== What you will do ==
Could you give the records below again exactly, without the pictures?

Stored data entries:

···

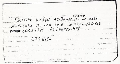 | Keywords: Lochielletter.jpg en Letter describing the location of the body of Anthony John Jones Own Nfren 1988-08-01 Free content Wrong license Check categories 2009 June 27 en wikipedia Tony_Jones_ missing _presumed_murdered Australia Western Australia Perth Western Australia 5 Murder People of Australia Perth Western Australia Anthony John Jones |
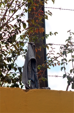 Olha só o que foi aparecer enroscado no arame farpado sobre o muro do estádio Roberto Brzezinski: uma cueca! Isso ao lado do portão de entrada. Só não pergunte como ela foi parar lá. Aliás, dá até arrepio só de pensar no que pode ter acontecido...
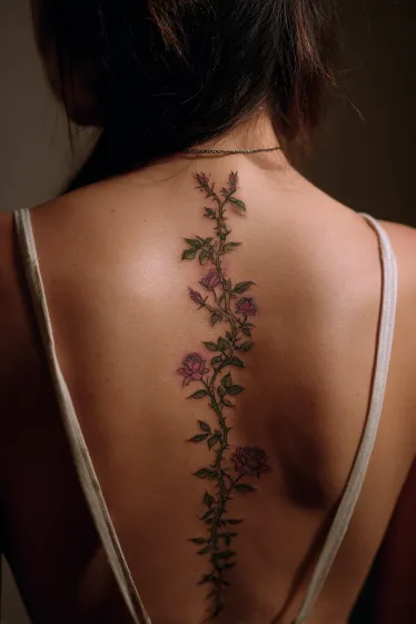 This exquisite tattoo showcases a delicate and continuous vine of vibrant pink roses, gracefully ascending the spine. Each rose is intricately detailed with soft pink petals and rich shading, while slender, thorny stems and subtle green leaves interlace to create a truly organic and flowing design. The entire piece has a timeless and elegant feel, perfectly complementing the graceful curve of the back.
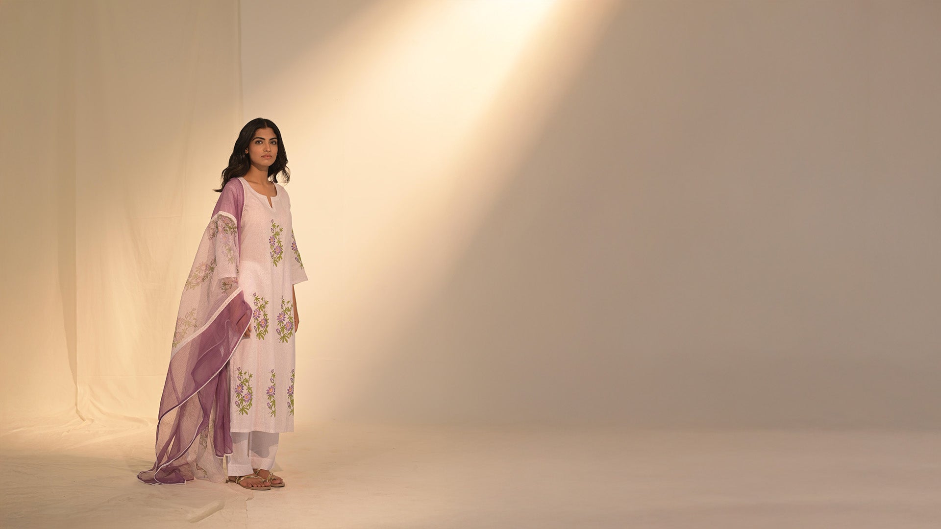 This elegant Kota Doria cotton dupatta features a soft hand-block print in beautiful purple and green floral patterns, perfectly complementing its sheer and lightweight fabric. Delicate lace embellishments along the edges add a refined and feminine touch, making this a versatile accessory for both casual and formal occasions.
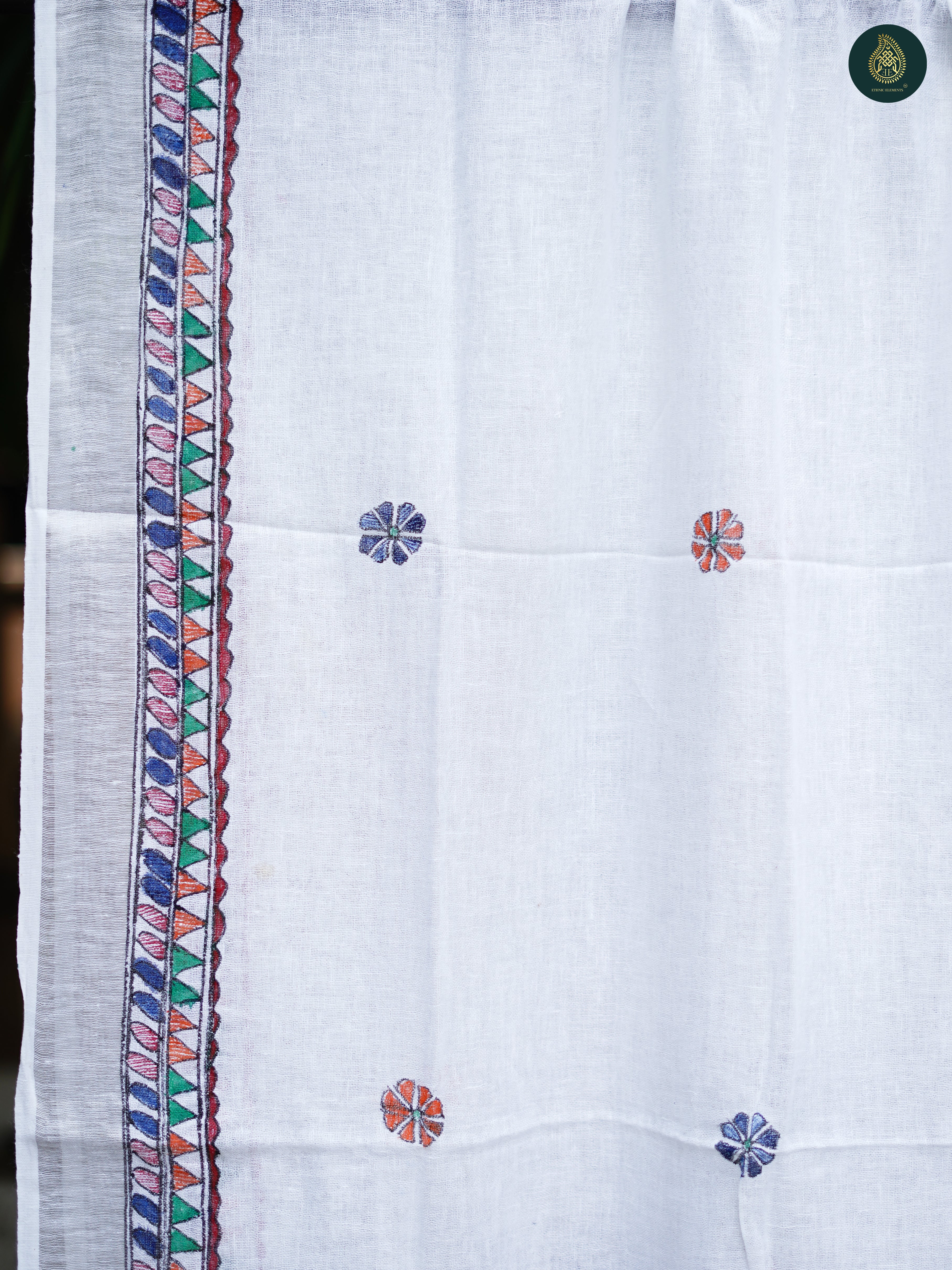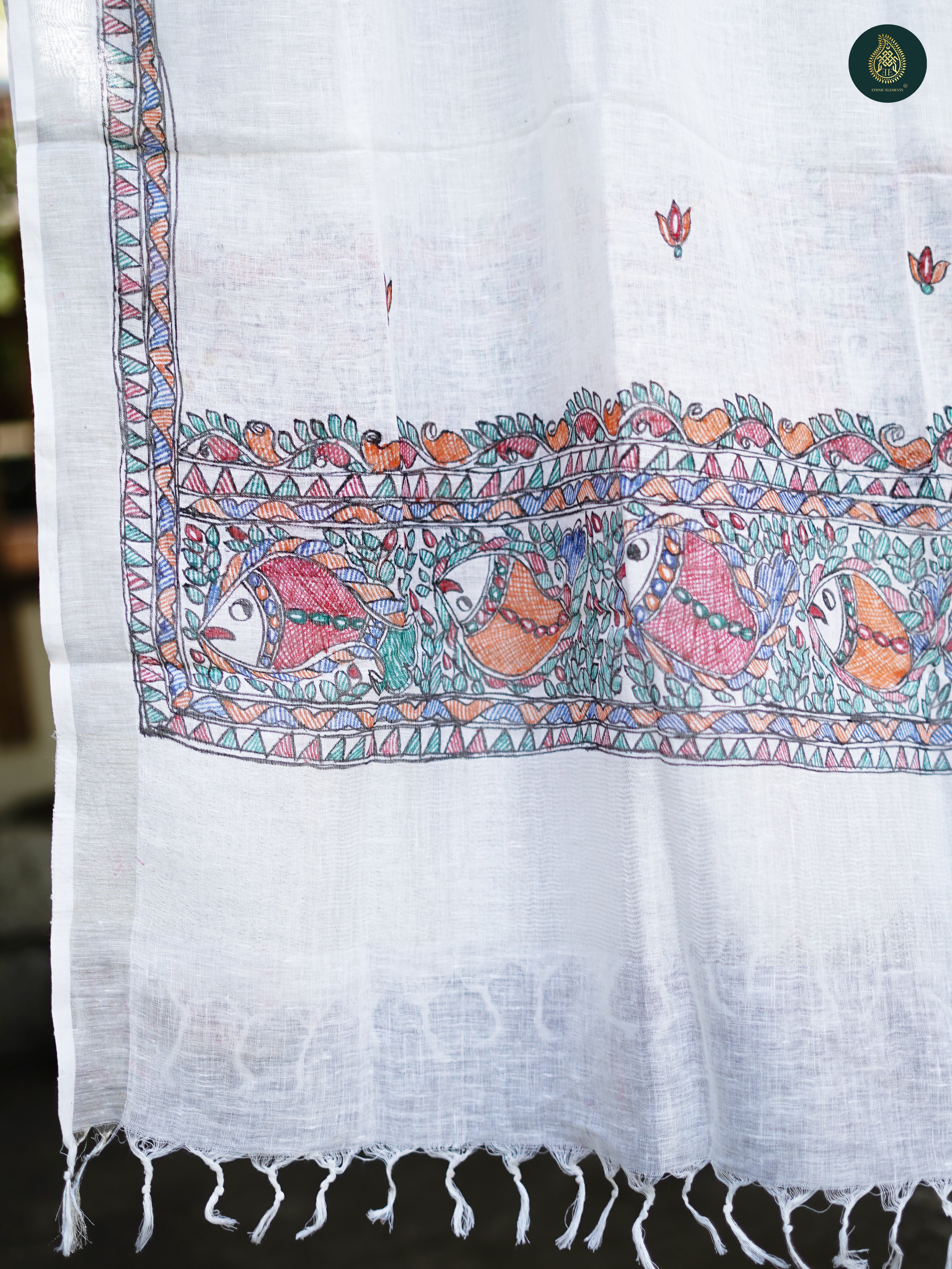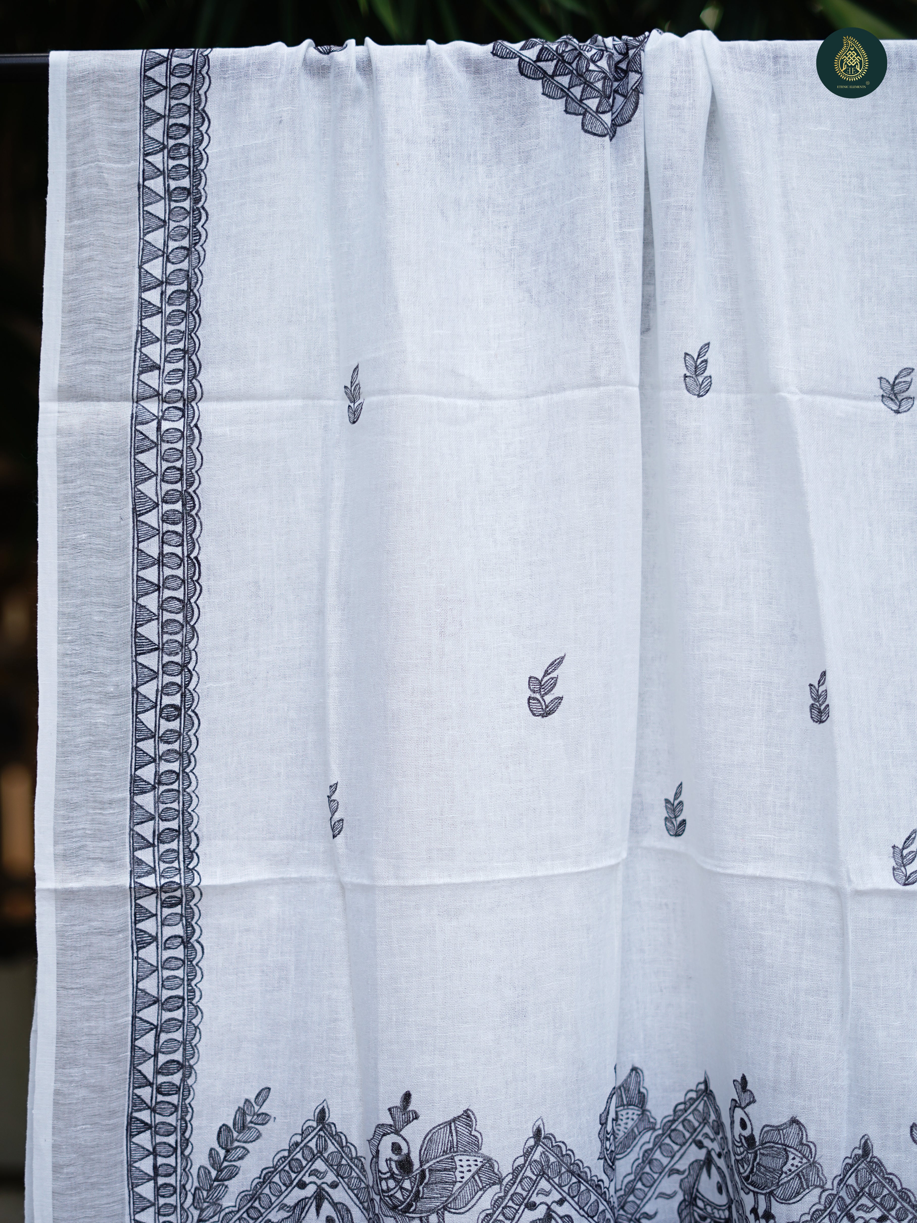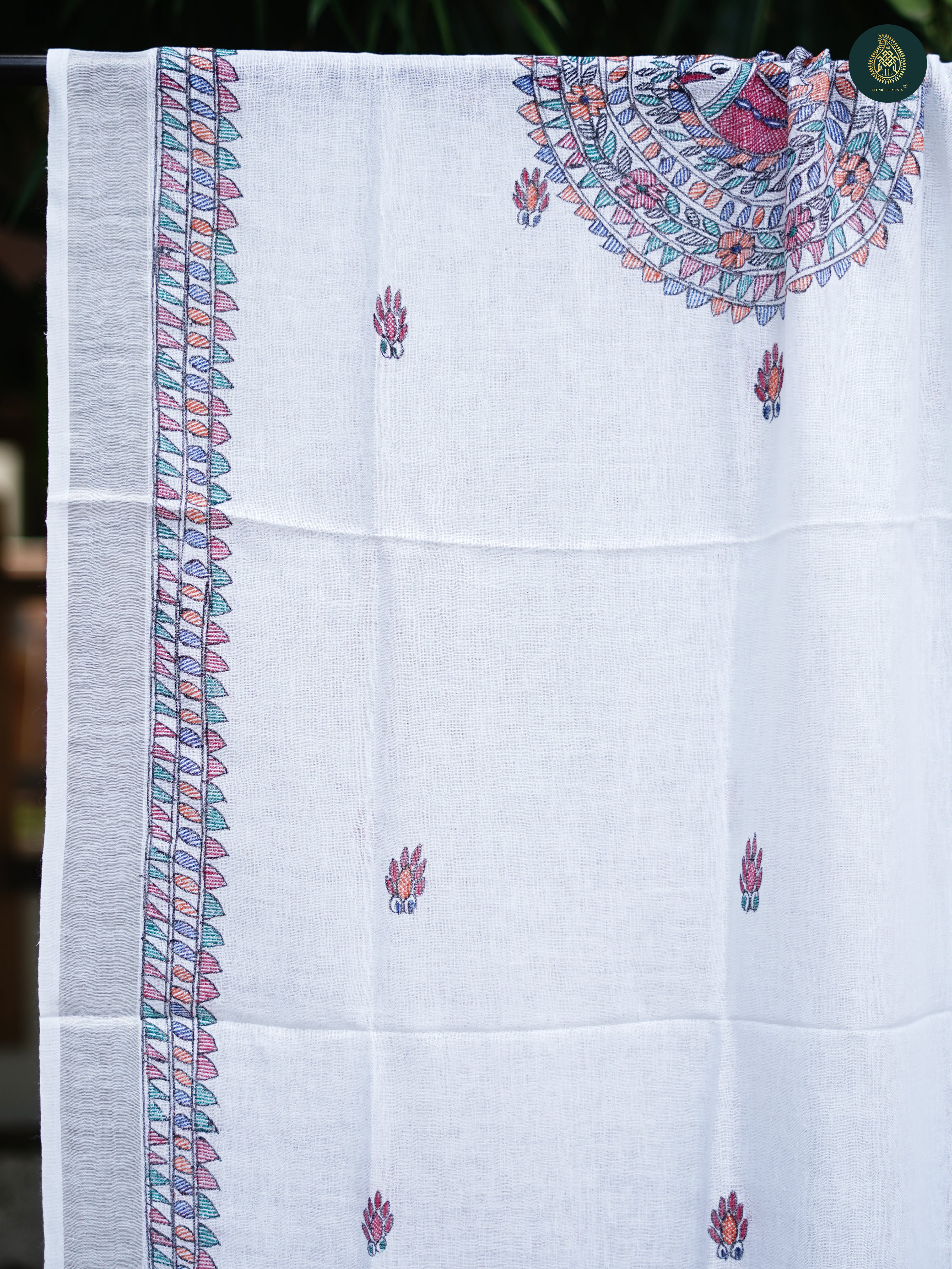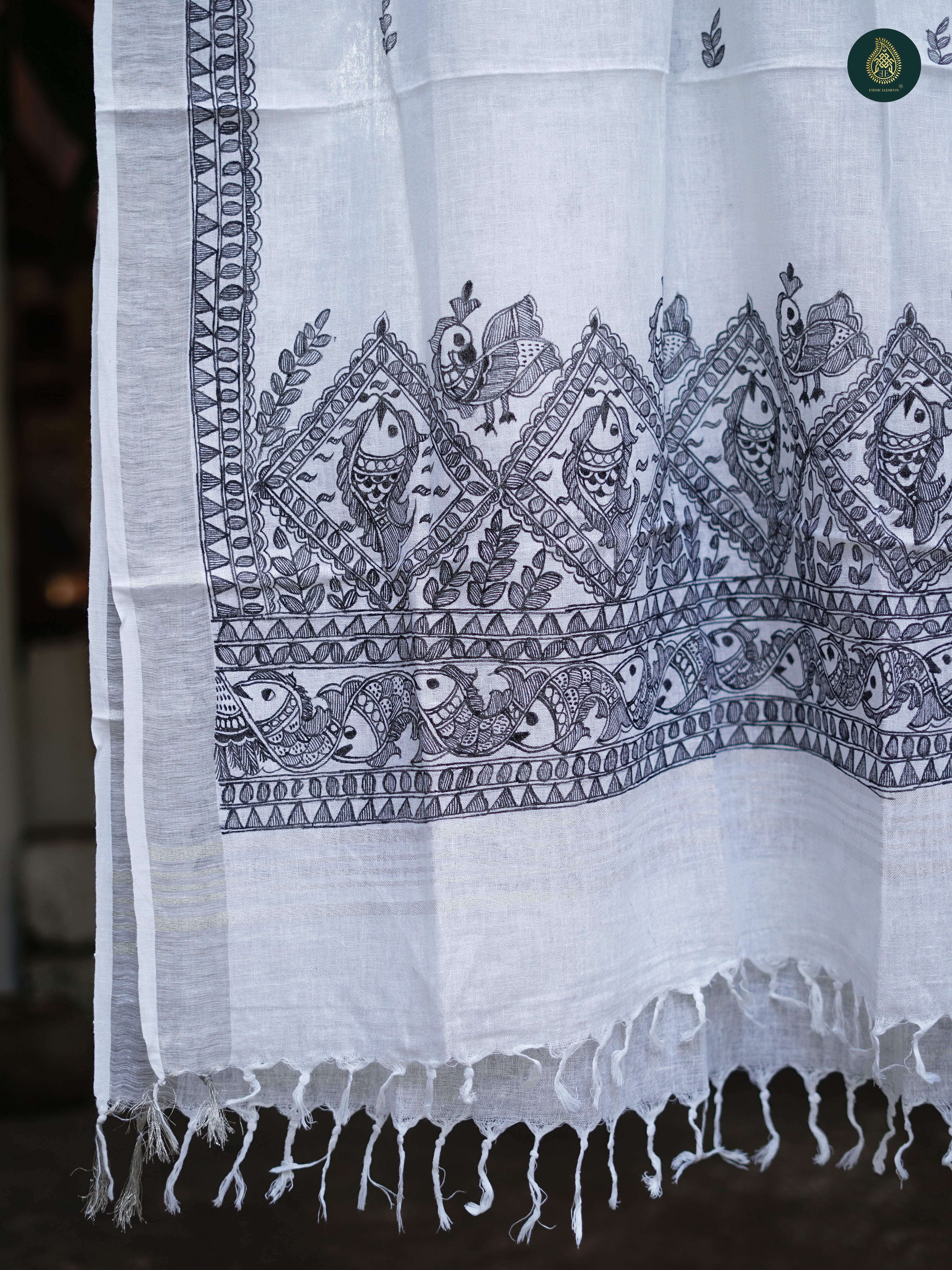 Authentic Original Hand-Painted Madhubani Suit Sets made from pure woven fabrics. Madhubani Art is a type of folk-art form. Each suit consists of line drawings filled with bright colors and contrasts or patterns. Only natural dyes and pigments are used for fabric color and painting.
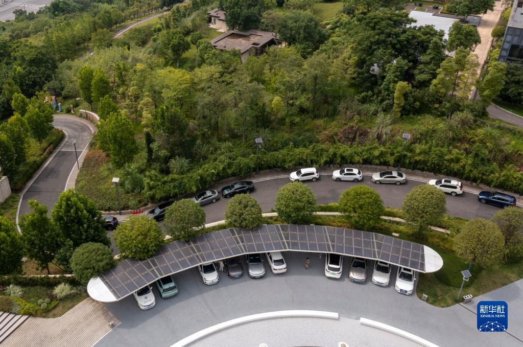 2022年6月16日拍攝的已建成投用的重慶首座光伏充電發(fā)用一體充電站(無人機(jī)照片)。新華社記者 劉潺 攝
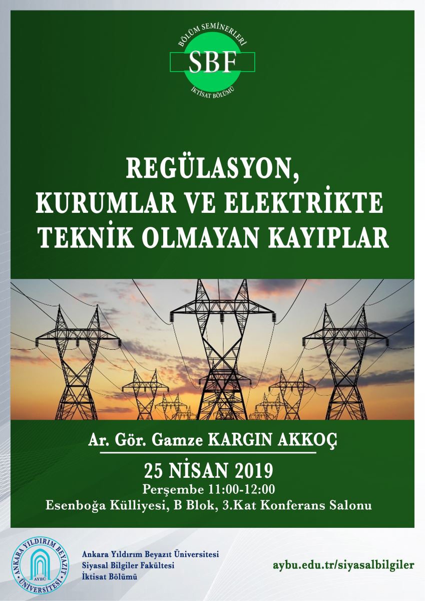 9. SBF Bölüm Seminerleri İktisat Bölümünün organize ettiği ve Ar. Gör. Gamze KARGIN AKKOÇ tarafından sunulan "Regülasyon, Kurumlar ve Elektrikte Teknik Olmayan Kayıplar" başlıklı seminerimiz gerçekleşmiştir.
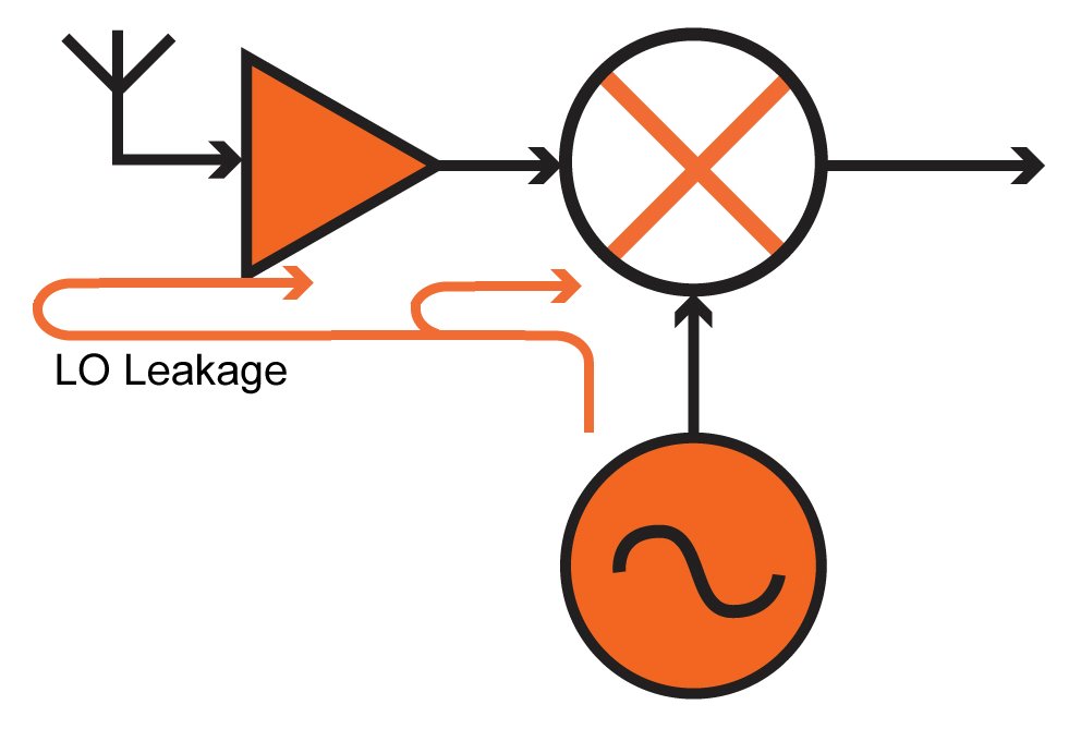 This diagram depicts one common cause of DC-offset generation in a direct-downconversion receiver.

···

== Answer section ==
 | Keywords: Lochielletter.jpg en Letter describing the location of the body of Anthony John Jones Own Nfren 1988-08-01 Free content Wrong license Check categories 2009 June 27 en wikipedia Tony_Jones_ missing _presumed_murdered Australia Western Australia Perth Western Australia 5 Murder People of Australia Perth Western Australia Anthony John Jones |
 Olha só o que foi aparecer enroscado no arame farpado sobre o muro do estádio Roberto Brzezinski: uma cueca! Isso ao lado do portão de entrada. Só não pergunte como ela foi parar lá. Aliás, dá até arrepio só de pensar no que pode ter acontecido...
 This exquisite tattoo showcases a delicate and continuous vine of vibrant pink roses, gracefully ascending the spine. Each rose is intricately detailed with soft pink petals and rich shading, while slender, thorny stems and subtle green leaves interlace to create a truly organic and flowing design. The entire piece has a timeless and elegant feel, perfectly complementing the graceful curve of the back.
 This elegant Kota Doria cotton dupatta features a soft hand-block print in beautiful purple and green floral patterns, perfectly complementing its sheer and lightweight fabric. Delicate lace embellishments along the edges add a refined and feminine touch, making this a versatile accessory for both casual and formal occasions.
 Authentic Original Hand-Painted Madhubani Suit Sets made from pure woven fabrics. Madhubani Art is a type of folk-art form. Each suit consists of line drawings filled with bright colors and contrasts or patterns. Only natural dyes and pigments are used for fabric color and painting.
 2022年6月16日拍攝的已建成投用的重慶首座光伏充電發(fā)用一體充電站(無人機(jī)照片)。新華社記者 劉潺 攝
 9. SBF Bölüm Seminerleri İktisat Bölümünün organize ettiği ve Ar. Gör. Gamze KARGIN AKKOÇ tarafından sunulan "Regülasyon, Kurumlar ve Elektrikte Teknik Olmayan Kayıplar" başlıklı seminerimiz gerçekleşmiştir.
 This diagram depicts one common cause of DC-offset generation in a direct-downconversion receiver.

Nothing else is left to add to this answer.